Однако с каждой законченной картиной его усталость росла. Утром он замечал, что пальцы едва слушаются его, а к вечеру глаза слезились от напряжения. Боль в висках стала постоянной, а сны превратились в пугающий хаос, от которого он просыпался в холодном поту.
В какой-то момент, Алекс решил, что пора выйти из дома и освежить голову. Натянув куртку, он направился к двери, ощущая, что воздух в студии стал слишком тяжёлым. Возле дома остановился возвращающийся в столицу автобус и, повинуясь внезапному порыву, Алекс запрыгнул в него.

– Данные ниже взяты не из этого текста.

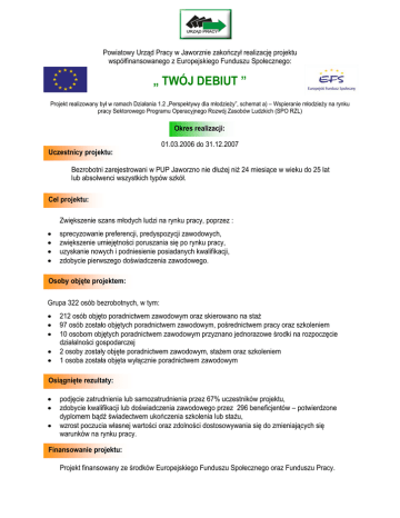 Powiatowy Urząd Pracy w Jaworznie zakończył realizację projektu współfinansowanego z Europejskiego Funduszu Społecznego: „ TWÓJ DEBIUT ” Projekt realizowany był w ramach Działania 1.2 „Perspektywy dla młodzieży”, schemat a) – Wspieranie młodzieży na rynku pracy Sektorowego Programu Operacyjnego Rozwój Zasobów Ludzkich (SPO RZL) Okres realizacji: Uczestnicy projektu: 01.03.2006 do 31.12.2007 Bezrobotni zarejestrowani w PUP Jaworzno nie dłużej niż 24 miesiące w wieku do 25 lat lub absolwenci wszystkich typów szkół. Cel projektu: Zwiększenie szans młodych ludzi na rynku pracy, poprzez : • • • • sprecyzowanie preferencji, predyspozycji zawodowych, zwiększenie umiejętności poruszania się po rynku pracy, uzyskanie nowych i podniesienie posiadanych kwalifikacji, zdobycie pierwszego doświadczenia zawodowego. Osoby objęte projektem: Grupa 322 osób bezrobotnych, w tym: • • • • • 212 osób objęto poradnictwem zawodowym oraz skierowano na staż 97 osób zostało objętych poradnictwem zawodowym, pośrednictwem pracy oraz szkoleniem 10 osobom objętych poradnictwem zawodowym przyznano jednorazowe środki na rozpoczęcie działalności gospodarczej 2 osoby zostały objęte poradnictwem zawodowym, stażem oraz szkoleniem 1 osoba została objęta wyłącznie poradnictwem zawodowym Osiągnięte rezultaty: • • • podjęcie zatrudnienia lub samozatrudnienia przez 67% uczestników projektu, zdobycie kwalifikacji lub doświadczenia zawodowego przez 296 beneficjentów – potwierdzone dyplomem bądź świadectwem ukończenia szkolenia lub stażu, wzrost poczucia własnej wartości oraz zdolności dostosowywania się do zmieniających się warunków na rynku pracy. Finansowanie projektu: Projekt finansowany ze środków Europejskiego Funduszu Społecznego oraz Funduszu Pracy.

На улицах Вашингтона царила мягкая вечерняя прохлада, наполняющая лёгкие свежестью. Алекс неторопливо прогуливался по улочкам, наслаждаясь редким моментом спокойствия. После череды выставок и заказов он наконец позволил себе выбраться из мастерской. Его взгляд скользил по витринам кафе, в которых посетители оживлённо обсуждали новости, и уличным музыкантам, играющим меланхоличные мелодии. Казалось, город жил своей жизнью, совсем не замечая, как менялся его внутренний мир.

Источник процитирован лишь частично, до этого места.